Graph database is one of these paradigms and are particularly suited for complex and hierarchical data models where the long chain of relations between entities are of interest for the purpose that is served. The fundamental difference between relational databases and graph databases is in how they view the relations between data entities. Relational databases organize data in rows and tables that are correlated with each other via foreign keys for join operations.  This organizational model inhibits the possibility of representing or considering the relation between data entities (tables) in queries unless relations are explicitly stored as data in separate tables. On the other hand, graph databases treat relations as special type of data entities that can have their own properties and are natively supported in the query language. In addition, graph databases usually provide built-in and efficient support for various types of traversals through the relations and among data entities. Consequently, queries that involve distant relations between two data entities are far more efficient (and easier to express in the query language) in graph databases.

Should You Migrate Your Current Data to Graph Databases?

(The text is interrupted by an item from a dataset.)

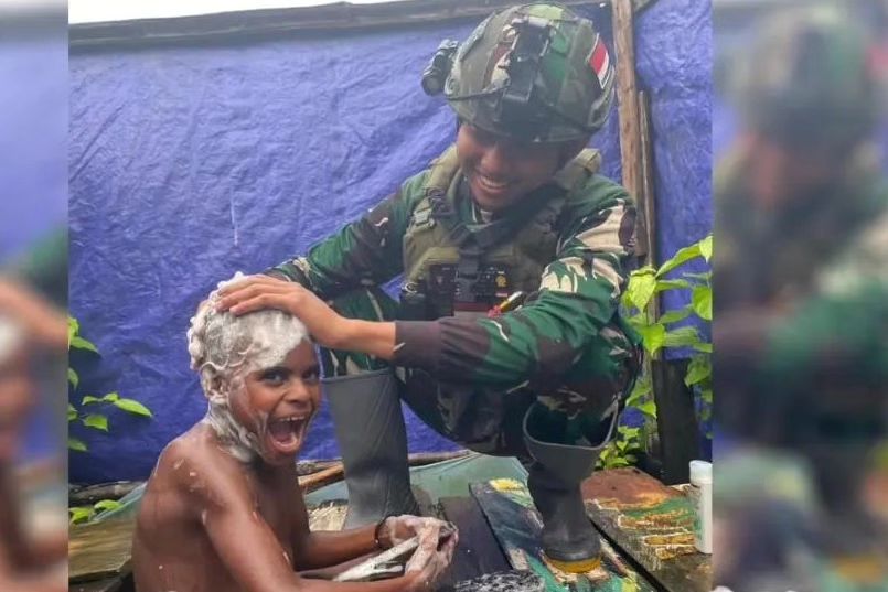 MetropolitanPost.id – Satgas Pamtas Mobile RI-PNG Yonif 503 Kostrad Koops Habema mengajarkan anak – anak di daerah operasi untuk menjaga kebersihan dengan Mandi air bersih di Pos Batas Batu, Kecamatan Batas Batu Kabupaten Nduga, Papua. Kamis (04/07/2024).

This really depends on your data model, but there are some signs that may help you in making the right decision. Generally speaking, If in your database you have tables dedicated to storing data of relations among other tables, then, graph databases might be useful for you as they offer native support for relations among data entities. Likewise, if queries are inefficient in your database as a result of having to perform too many joins or subqueries, graph databases might help you because they are optimized to traverse among data entities very efficiently.

When Not to Use Graph Databases?

Unlike relational databases that have been under development for decades, many graph databases are relatively new and not equally scalable or mature. So, when a task is doable with decent performance using a relational database, it might be a good idea to keep using more mature relational databases rather than using a graph database.

In addition, in order to accelerate graph traversal operations, graph databases often need to keep in memory multiple maps from nodes to relations and vice versa. That implies that graph databases are usually slow at write operations and relatively memory hungry. Therefore, for write intensive use-cases, graph databases are far from ideal choices.

Likewise, when the data is going to be stored and retrieved is semi-structured, graph databases are not very suitable choices. Usually for such workloads, document-based databases are more suitable.